Al engendro de brazos largos pareció molestarle la pequeña broma de mal gusto de Mitch, pero eso era lo que él buscaba. Ver como esa cara de tonalidad amarillenta iba tornándose cada vez de un naranja más oscuro, junto al intento de abrir los ojos de par en par, que se quedó solamente en eso, en un intento, hizo que el humilde criminal mostrara una sonrisa de satisfacción que no iba a borrar por nada del mundo. Le habrían dado un buen golpe en la cara si el otro hombre no hubiera intervenido.

—Se puede decir que sí, que son mías —le respondió a la primera pregunta. Mitch siempre se llevaba algún regalo de sus trabajos. Si robaba se quedaba un porcentaje del botín, si tenía que matar a alguien se quedaba algún objeto de valor o alguna de sus armas. Él era así, y nadie iba a cambiarlo—. Se puede decir que soy un hombre de mundo —comentó, girando un poco la cara para evitar el haz de luz—, que intenta ganarse la vida honradamente mediante la sustracción de objetos de lujo y la gestión de residuos. Dependiendo del comprador mis servicios son mejores o peores. A más guita, mejor trabajo. Simple y sencillo.

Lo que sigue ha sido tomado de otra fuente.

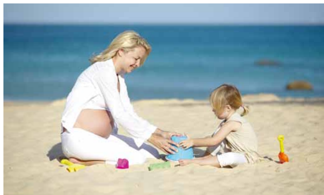
MS-Patient und Kinderwunsch: Die Schubrate nimmt während einer Schwangerschaft häufig sogar ab.

Inzwischen gibt es für die Behandlung der MS zahlreiche Therapieoptionen. Grundsätzlich unterscheidet man dabei die Behandlung eines akuten Schubes von einer Dauerbehandlung mit verlaufsmodifizierenden Medikamenten, die die Zahl erneuter Schübe vermindern soll. Während eines akuten Schubs erhalten die Patienten unabhängig von der Art ihrer MS hohe, pulsatile Dosen eines Cortisons (Methylprednisolon). Als Nebenwirkungen treten dabei häufig erhebliche Schlafstörungen auf, die sich

Mientras estaba hablando, movió sus manos para intentar alcanzar y coger parte de la cuerda que le tenía maniatado, pero fue imposible. De haberlo conseguido habría usado la capacidad de su guante derecho para quemarla e intentar salir de allí. La idea era sencilla, al menos en teoría, quemar la cuerda, saltar el muro de atrás para romper la silla, desenfundar alguna de sus armas y, tras hacer el amago de atacar, salir por la ventana de cristal que había en el lugar. Un plan perfecto, pero le faltaba flexibilidad.

—¿Y tú eres…? —preguntó Mitch, intentando alargar todo lo posible esa situación.

y de pronto, alguien comezó a gritar en alguna parte del lugar en el que se encontraba. Era una voz grave e iracunda, pero no lograba entender que diantres estaba diciendo. El sujeto que me había llevado allí salió a ver que ocurría, pero un minuto después se encontraba atravesando la pared inconsciente.

—Otla vez uno de los hombles de los Hong —dijo Tao—. Voy a tenel que dalle su melesido.

"Mierda, los Hong. ¿Acaso me han encontrado?" —se dijo Mitch, rezando por que no le vieran allí atado.